* Source information
_ _ _ _

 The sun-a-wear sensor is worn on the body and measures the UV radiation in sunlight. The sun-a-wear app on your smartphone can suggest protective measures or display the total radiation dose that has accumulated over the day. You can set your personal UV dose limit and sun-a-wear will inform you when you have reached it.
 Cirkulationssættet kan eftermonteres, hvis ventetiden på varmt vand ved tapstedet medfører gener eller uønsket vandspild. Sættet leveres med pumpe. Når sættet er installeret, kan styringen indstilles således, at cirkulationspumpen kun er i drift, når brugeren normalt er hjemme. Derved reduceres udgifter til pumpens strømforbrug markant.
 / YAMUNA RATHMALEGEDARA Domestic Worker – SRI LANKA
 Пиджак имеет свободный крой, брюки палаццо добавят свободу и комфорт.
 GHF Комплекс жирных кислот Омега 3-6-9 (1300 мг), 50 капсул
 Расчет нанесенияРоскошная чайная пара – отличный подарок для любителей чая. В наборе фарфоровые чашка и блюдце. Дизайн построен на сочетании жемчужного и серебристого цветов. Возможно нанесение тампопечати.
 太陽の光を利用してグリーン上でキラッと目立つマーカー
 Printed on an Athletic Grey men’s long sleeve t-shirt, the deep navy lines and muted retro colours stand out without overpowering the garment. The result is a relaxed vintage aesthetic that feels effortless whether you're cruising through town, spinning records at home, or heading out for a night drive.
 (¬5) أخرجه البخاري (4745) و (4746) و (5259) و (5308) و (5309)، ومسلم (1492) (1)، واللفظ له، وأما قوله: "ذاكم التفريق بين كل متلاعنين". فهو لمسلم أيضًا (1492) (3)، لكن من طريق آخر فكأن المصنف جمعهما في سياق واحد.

_ _ _ _

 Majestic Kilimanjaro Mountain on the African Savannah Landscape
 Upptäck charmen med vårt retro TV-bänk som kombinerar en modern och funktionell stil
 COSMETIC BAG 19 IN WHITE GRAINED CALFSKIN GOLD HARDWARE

_ _ _ _

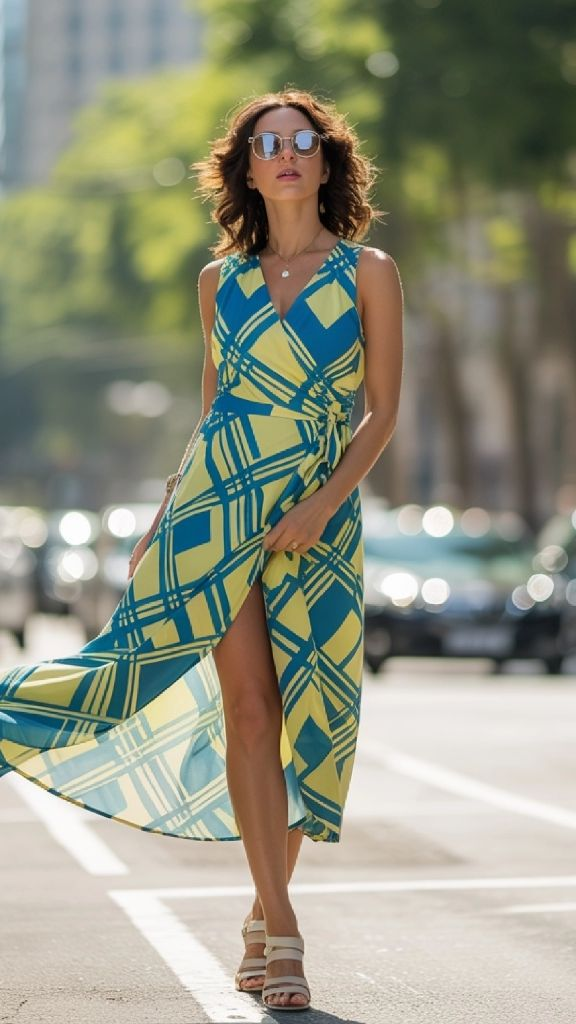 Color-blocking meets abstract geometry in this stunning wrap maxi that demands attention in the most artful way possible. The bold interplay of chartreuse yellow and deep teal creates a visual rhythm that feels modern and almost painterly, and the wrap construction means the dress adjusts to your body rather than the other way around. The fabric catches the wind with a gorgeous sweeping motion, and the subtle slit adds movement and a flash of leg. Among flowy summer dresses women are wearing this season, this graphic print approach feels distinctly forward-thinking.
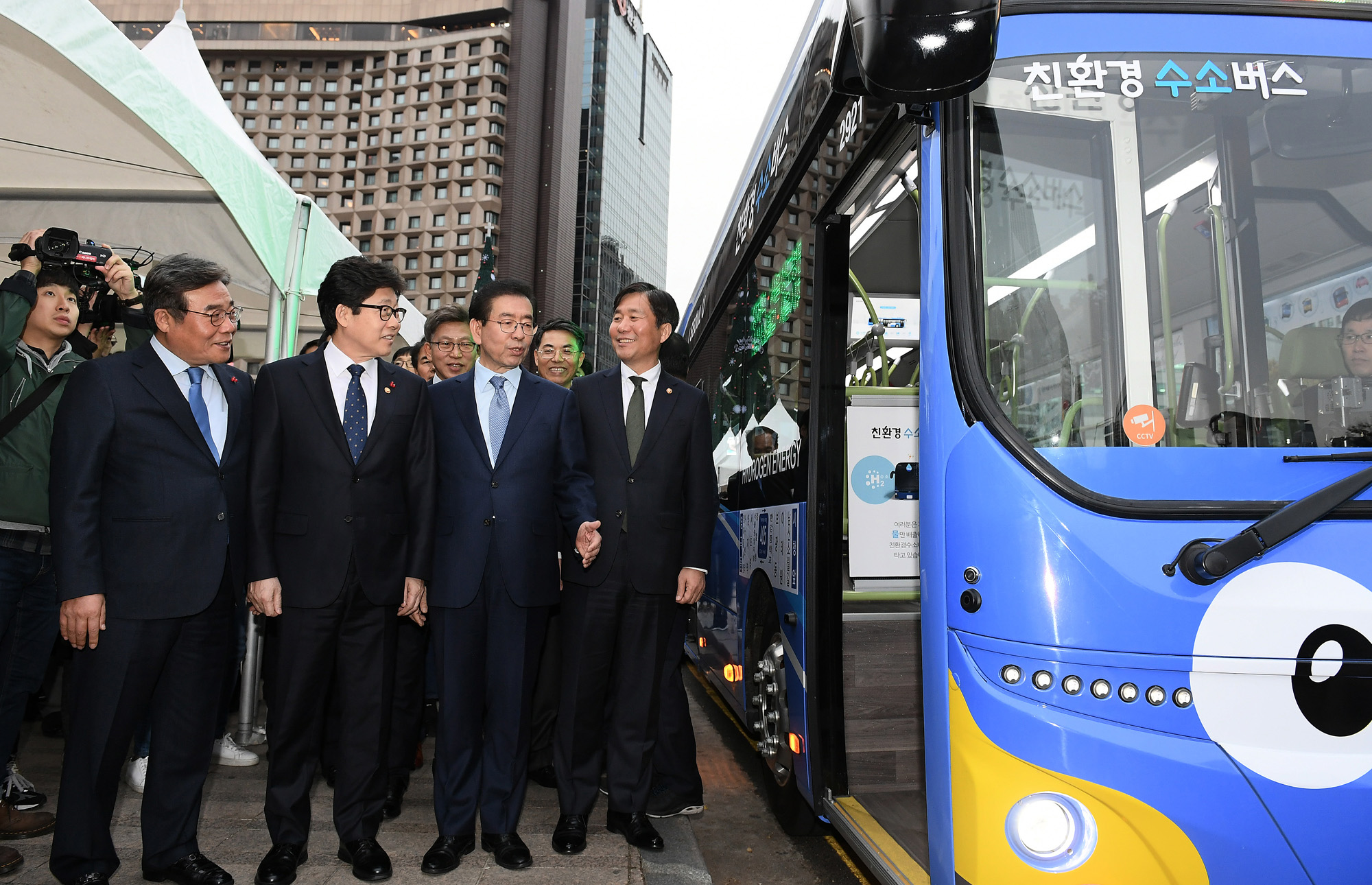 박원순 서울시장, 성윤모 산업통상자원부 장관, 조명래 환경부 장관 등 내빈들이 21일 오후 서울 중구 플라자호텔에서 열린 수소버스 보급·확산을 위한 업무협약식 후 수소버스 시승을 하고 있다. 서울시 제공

_ _ _ _

* Work request
Would you please copy, word for word, everything above from the line containing "The sun-a-wear sensor" down to the line containing "Printed on an", those two lines included?

* Written response
 The sun-a-wear sensor is worn on the body and measures the UV radiation in sunlight. The sun-a-wear app on your smartphone can suggest protective measures or display the total radiation dose that has accumulated over the day. You can set your personal UV dose limit and sun-a-wear will inform you when you have reached it.
 Cirkulationssættet kan eftermonteres, hvis ventetiden på varmt vand ved tapstedet medfører gener eller uønsket vandspild. Sættet leveres med pumpe. Når sættet er installeret, kan styringen indstilles således, at cirkulationspumpen kun er i drift, når brugeren normalt er hjemme. Derved reduceres udgifter til pumpens strømforbrug markant.
 / YAMUNA RATHMALEGEDARA Domestic Worker – SRI LANKA
 Пиджак имеет свободный крой, брюки палаццо добавят свободу и комфорт.
 GHF Комплекс жирных кислот Омега 3-6-9 (1300 мг), 50 капсул
 Расчет нанесенияРоскошная чайная пара – отличный подарок для любителей чая. В наборе фарфоровые чашка и блюдце. Дизайн построен на сочетании жемчужного и серебристого цветов. Возможно нанесение тампопечати.
 太陽の光を利用してグリーン上でキラッと目立つマーカー
 Printed on an Athletic Grey men’s long sleeve t-shirt, the deep navy lines and muted retro colours stand out without overpowering the garment. The result is a relaxed vintage aesthetic that feels effortless whether you're cruising through town, spinning records at home, or heading out for a night drive.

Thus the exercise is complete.